Lesson 10 – The Proper Mental Attitude

This free course on blackjack and card counting was created by the GameMaster, publisher of the GameMaster Online website. It is reproduced here in its entirety with permission of the author. His 24-lesson course is an excellent introduction to winning blackjack.

To start at the beginning, visit the Welcome page.

I always stress the idea of ‘expectation’ as it applies to casino gaming because understanding the concept will help you stop gambling and hopefully turn you into an investor at the tables. By definition, an investor expects to make a profit so you cannot be an investor if you play at games where there is a negative expectation. If you bet $10 on the Pass line at craps, you’ll either win $10 or lose $10, but your ‘expectation’ is to lose 14 cents on every hand. That’s because the house has a built-in edge of 1.4% on that bet and if you play it frequently, your average loss will work out to be 14 cents per decision. In the short term you might win a lot of money, but play it long enough and the house edge will eventually have its effect. Since the average craps table produces about 60 decisions an hour, the cost per hour of betting $10 on the pass line will work out to be — in the long run — about 60 X 14 cents = $8.40.
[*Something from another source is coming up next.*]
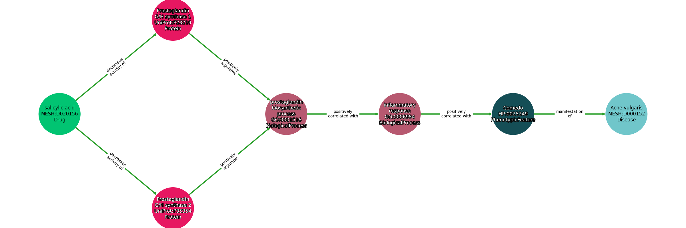 Salicylic Acid | DECREASES ACTIVITY OF | Prostaglandin G/H Synthase 1 |
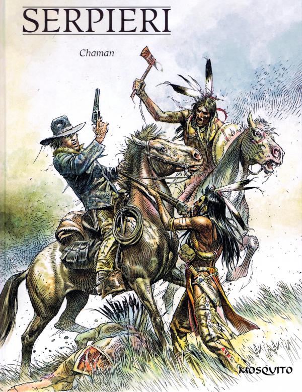 Avant d’affoler la phalocratosphère et devenir célèbre avec sa futuriste Druuna au fessier rebondi, Paolo Serpieri avait beaucoup donné de son talent réaliste au western. Ses histoires indiennes avaient déjà bénéficié d’un premier recueil chez Mosquito en septembre 2012 (Lakota)… L’éditeur alpin récidive aujourd’hui avec un second volume comprenant quatre histoires courtes nimbées d’ésotérisme. Vu la brièveté des récits, il n’est guère possible de s’immerger dans des intriques très complexes, ni de s’identifier à un héros précis… Néanmoins, se détache une véritable ambiance onirique autour de la thématique du Chaman, des puissances occultes, de l’indicible si cher à la culture amérindienne. Tantôt le destin d’un fusil semble obéir à une justice supérieure (Le bâton feu) ; tantôt un guerrier sorcier se livre à un impressionnant tour de magie en recrachant les balles reçues (L’homme médecine) ; tantôt le fantôme d’un chaman se venge de ses bourreaux (Chaman, la seule historiette en couleurs) ; tantôt un cow-boy, sous l’emprise de substances hallucinogènes, perd tous ses repères cartésiens. Ce qui impressionne au-delà de l’originalité des histoires, c’est le noir et blanc des plus somptueux de Serpieri. Dès la fin des années 70, son trait réaliste impressionne de virtuosité, aussi bien pour détailler, tel un ethnologue, avec un maximum d’authenticité, les parures complexes des indiens, leurs coutumes, leurs « postures sociales », que les vaste paysages de l’Ouest sauvage. Se dégage une force quasi documentaire de ces planches, réunies au sein d’une édition soignée, à la mesure du talent de l’artiste…

Now let’s look at this concept from the point of view of a positive expectation situation like card counting at Blackjack. If your average bet is $12 and the average advantage you have over the house is 1.25%, your expectation is to win $12 X .0125 = $.15 per hand. Yes, that’s 15 cents per hand. At a rate of 60 hands an hour, you can expect to make — in the long run — about 60 X 15 cents = $9.00 an hour. But, if you can increase the number of hands you play per hour to, say, 80 hands, you’ve raised your expectation to 80 X 15 cents = $12.00 an hour. The only other way to make more money is to either raise the size of your average bet or increase your edge over the casino. The bet size is just a function of your bankroll (and your ability to continue ‘fooling’ the casino into believing you are just another gambler and not a card counter) and the advantage is mostly a function of the casino’s rules for their Blackjack game. I will address both these issues in future lessons, so for now let’s focus on increasing the number of hands you play in an hour.
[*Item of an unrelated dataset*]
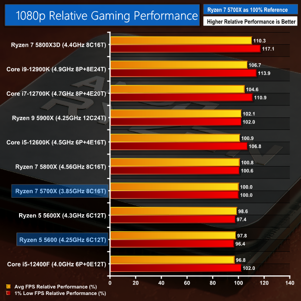 To summarise our 1080p gaming results, the Ryzen 5 5600 is marginally quicker than the Core i5-12400F for average FPS data. This outcome is skewed by a big victory for the Ryzen chip in Shadow of the Tomb Raider – a game which runs at 182 FPS on the 12400F versus 197 FPS on the 5600.

More Hands Mean More Money

If you are the only player at a six-deck game, you can play at a rate of about 200 hands an hour. With all else remaining equal, that will raise your expectation to 200 X 15 cents = $30 an hour — a very healthy increase. The problem here is that I want you to get up and walk away whenever the true count drops below M1, so 200 hands an hour is possible only if you get one of those shoes where the count stays positive AND if you are fast enough to keep the count while your playing at this rate. Moving when the deck goes bad is a must, since it’s cheaper to not play at all rather than play at a game where the house has an edge over you.
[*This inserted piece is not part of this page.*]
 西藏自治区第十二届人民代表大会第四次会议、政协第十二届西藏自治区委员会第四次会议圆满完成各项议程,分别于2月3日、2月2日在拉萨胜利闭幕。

But 200 hands an hour is a worthy goal, so continue practicing with your single-deck countdown in an effort to build your speed to a point where you can go through a deck in under 20 seconds. When you can do that and compute the true count and play perfect basic strategy, you should play one-on-one whenever possible. That may mean that you’ll have to go to the casino at 2 AM on a Monday, but it will be worth it. Just remember that increasing your rate of play will increase your hourly standard deviation, so don’t be surprised if you lose $400 or more in an hour’s play; your risk hasn’t increased but you have — in effect — ‘compressed’ your time factor. Dealers often tell me that a player “can’t win” one-on-one, but they’re wrong. Their misconception in this regard comes from the fact that because more hands are being played, the swings are bigger and dealers usually remember the big losers and forget the big winners. As an investor, it is in your best interest to play as many hands an hour as possible, since your expectation is to win 15 cents a hand.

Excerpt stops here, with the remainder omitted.